Monday, February 10, 2014

Life Is Pain, Highness!

A few weeks ago, at Grace's four month appointment, she received five vaccines, four of which were shots into her chunky thighs. As she braved the doubly shots per legs, crying out and trusting her mother as I cooed, held her head and stroked her belly, I thought of the part in Princess Bride when the Man in Black (Wesley) says, "Life is pain, highness. Anyone who says differently is selling something!"


In Jen Fulwiler's article on "The 7 Habits People Who Place Radical Trust in God", I was struck by the first one - they accept suffering.

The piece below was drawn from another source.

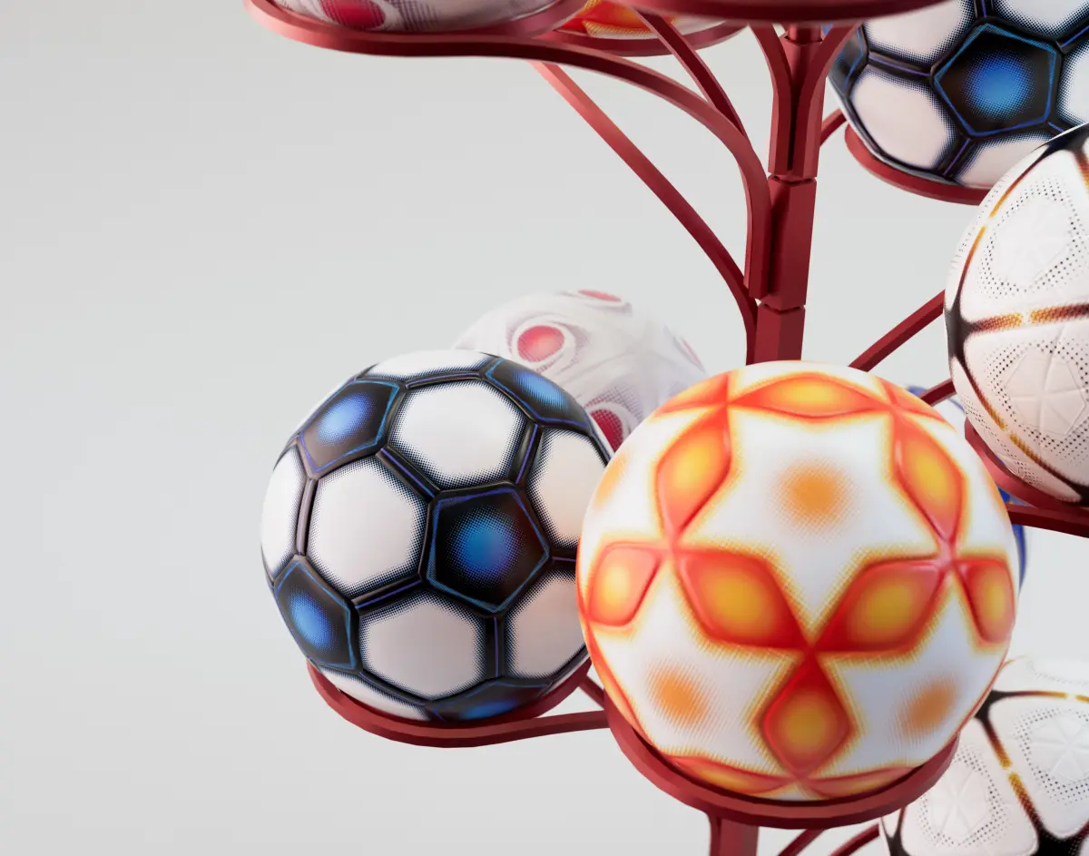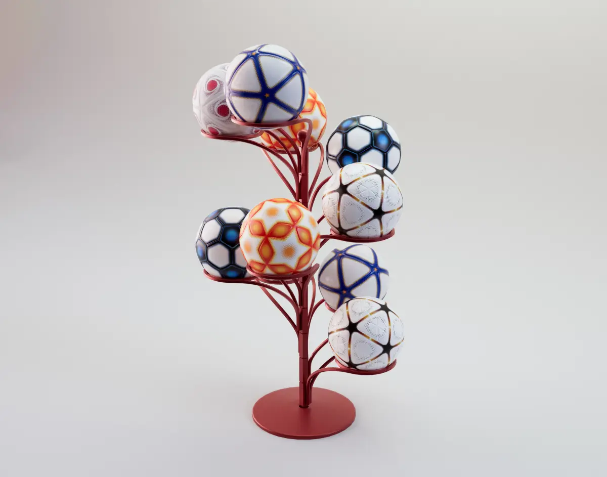 A football point of sale display stand with 5 different designs of modern panelled soccer or football balls. Contains procedural and parametrized meshes which may translate to higher poly count than stipulated if converted to other formats.Unwrapped UV textures included.

Suffering takes on many faces - the physically suffering, through maladies and disease and addiction; the emotional suffering of the lonely, sad and uncared for; the perceived suffering of injustice and abuse; the suffering of staring at a wall and not know which direction one should go.

I vaccinate my child because there are some things I can prevent, namely, diseases which used to routinely kill people. For everything else, I can only teach Grace and be there for her. I cannot, for instance, take away her teething pain. I cannot take away her sobs when she's scared and alone in her crib, even when I lean in to rub her belly and coo. Will and I are in the beginning stages of teaching Grace self-soothing.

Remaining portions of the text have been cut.